Penelitian yang tayang di New England Journal of Medicine menyebutkan, proteksi dari dosis vaksin pertama Pfizer tidak akan dimulai dalam waktu 12 hari. Yang kemudian diestimasi baru 52% efektif setelah beberapa minggu kemudian.
Baik Pfizer maupun vaksin Moderna membutuhkan dua dosis. Keduanya dilaporkan 95% efektif tapi setidaknya dalam waktu satu atau dua minggu setelah injeksi dosis yang kedua. Dan tetap saja masih ada kemungkinan tidak dapat melindungi orang secara keseluruhan. “Tidak ada yang namanya 100%,” tegas Dr. Paul A. Offit, ahli penyakit infeksi dan direktur Vaccine Education Center di Children’s Hospital of Philadelphia, AS mengutip dari Healthline.
Baca Juga : Ilmuwan Oxford Bersiap Produksi Vaksin untuk Varian Baru Virus Corona
Itu artinya, sambungnya, satu dari 20 orang yang divaksin masih bisa terkena infeksi sedang hingga ringan. Kondisi ini menyusul laporan beberapa orang baik umum maupun tenaga kesehatan yang masih terinfeksi Covid-19 meski sudah divaksin.
Bahkan di Inggris, salah seorang yang mendapat vaksin Pfizer pertama, Collin Horseman (85) meninggal beberapa hari setelah terkonfirmasi positif Covid-19. Diduga ia menderita infeksi ginjal di akhir Desember dan terkena virus corona pada saat itu.
Produsen vaksin Pfizer dan Moderna yang diedarkan di Amerika Serikat, mengklaim vaksin mereka 95% efektif dalam mencegah orang sakit akibat gejala Covid-19. Tapi belum cukup bukti apakah vaksin juga mencegah infeksi dan penyebaran asimtomatik.
Maksudnya adalah orang yang terinfeksi yang tidak memiliki gejala (asimtomatik). Produsen vaksin mengatakan, penelitian masih dilakukan untuk mencari jawabannya. Tanpa vaksin, peneliti menekankan bahwa penyebaran asimtomatik mengakibatkan tingginya kasus Covid-19 yang terjadi.
Baca Juga : Sederet Manfaat Kesehatan Konsumsi Susu Almond
Karenanya, protokol kesehatan seperti memakai masker, menjaga jarak, dan menghindari kerumunan haruslah tetap dipegang hingga cakupan vaksin mendekati kekebalan kelompok, yaitu dimana sudah cukup banyak orang yang kebal terhadap penyakit sehingga penyebaran dapat dihentikan.

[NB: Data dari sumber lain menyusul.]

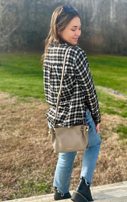 I’ve been obsessed with this Donna Karan crossbody, and honestly, it’s become my new mom sidekick. The soft, high-quality leather feels so luxe, but the best part? It’s the perfect size for real life, especially when I’m out with the kids. The shape is super roomy without being bulky, so it fits all the essentials like my phone, wallet, lip balm… and most importantly, snacks. Fruit pouches, mini crackers, fruit snacks — all the little things my kids always ask for the slip right in without making the bag look stuffed. The magnetic gathered sides and gold hardware keep it looking stylish, even when it’s filled with Goldfish. The crossbody strap is comfortable and stays put, which is such a win when I’m chasing after a toddler or bending down to tie shoes.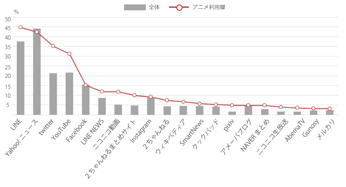 図5 毎日利用サービスの利用率比較(アニメ利用層TOP20)

Beberapa studi telah memprediksi setidaknya populasi yang divaksin haruslah mencapai 75-80% agar mencapai kekebalan kelompok, dan bisa saja naik jika varian virus baru muncul. “Setiap orang harus tetap memakai masker dan melakukan upaya mengurangi transmisi virus sehingga dapat dikontrol,” kata Imunologis dan profesor dari University of Washington Marion Pepper dikutip dari Wsj.
Virus corona masuk ke tubuh lewat hidung atau mulut. Namun organ yang paling hebat merasakan dampaknya adalah paru. Vaksin disuntikkan ke tubuh pada jaringan otot di lengan kemudian antibodi berkembang di darah sebelum bergerak ke hidung untuk mencegah infeksi. “Antibodi dapat melintasi paru lebih mudah daripada di hidung atau tenggorokan.

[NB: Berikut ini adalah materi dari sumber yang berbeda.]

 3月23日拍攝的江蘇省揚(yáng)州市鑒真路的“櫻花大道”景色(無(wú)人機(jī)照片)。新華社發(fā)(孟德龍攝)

Jadi lebih mudah mencegah penyakit berat atau simtomatik daripada infeksi,” kata Deepta Bhattacharya, profesor imunonibiologi di University of Arizona, AS. Walau sudah vaksin sekalipun, jika seseorang terpapar virus, maka virus tersebut dapat membuat respon imun bekerja untuk mengontrol infeksi.
Potensi penularan bergantung pada seberapa cepat infeksi dapat dikontrol tubuh. “Kebanyakan vaksin mencegah penyakit seperti halnya mencegah infeksi,” kata Anna Durbin, profesor di Johns Hopkins Bloomberg School of Public Health yang bekerja dalam pengujian vaksin AstraZeneca dan Pfizer. Dia meyakini bahwa penelitian tentang vaksin Covid akhirnya akan menunjukkan pengurangan penyebaran asimtomatik walau tidak menghilangkan secara total.
Baca Juga : Modifikasi Gaya Hidup Kontrol Penyakit Radang Usus Kronis
Bahkan walau vaksin tidak mencegah penyebaran secara optimal, vaksin tetap dapat membantu populasi dalam mencapai kekebalan kelompok, menurut Arnold Monto, epidemiolog dari University of Michigan School of Public Health. Terkait penyebaran asimtomatik, Dr. Monto mengatakan virus lain juga bersifat sama. Ketika vaksin rubella hadir misalnya, ada bukti bahwa terjadi infeksi asimtomatik kembali.
Namun toh kekebalan kelompok tetap tercapai. “Sampai cakupan vaksin meluas dan kekebalan kelompok terjadi, kita harus tetap waspada masih bisa terkena virus baik dari orang yang sudah divaksin maupun belum. Tapi jika mayoritas populasi sudah divaksin, penyebaran asimtomayik tidak akan berdampak pada kesehatan publik,” kata John R. Mascola, direktur National Institute of Allergy and Infectious Diseases’ Vaccine Research Center. Sri Noviarni
Penelitian yang tayang di New England Journal of Medicine menyebutkan, proteksi dari dosis vaksin pertama Pfizer tidak akan dimulai dalam waktu 12 hari. Yang kemudian diestimasi baru 52% efektif setelah beberapa minggu kemudian.
Baik Pfizer maupun vaksin Moderna membutuhkan dua dosis. Keduanya dilaporkan 95% efektif tapi setidaknya dalam waktu satu atau dua minggu setelah injeksi dosis yang kedua. Dan tetap saja masih ada kemungkinan tidak dapat melindungi orang secara keseluruhan. “Tidak ada yang namanya 100%,” tegas Dr. Paul A. Offit, ahli penyakit infeksi dan direktur Vaccine Education Center di Children’s Hospital of Philadelphia, AS mengutip dari Healthline.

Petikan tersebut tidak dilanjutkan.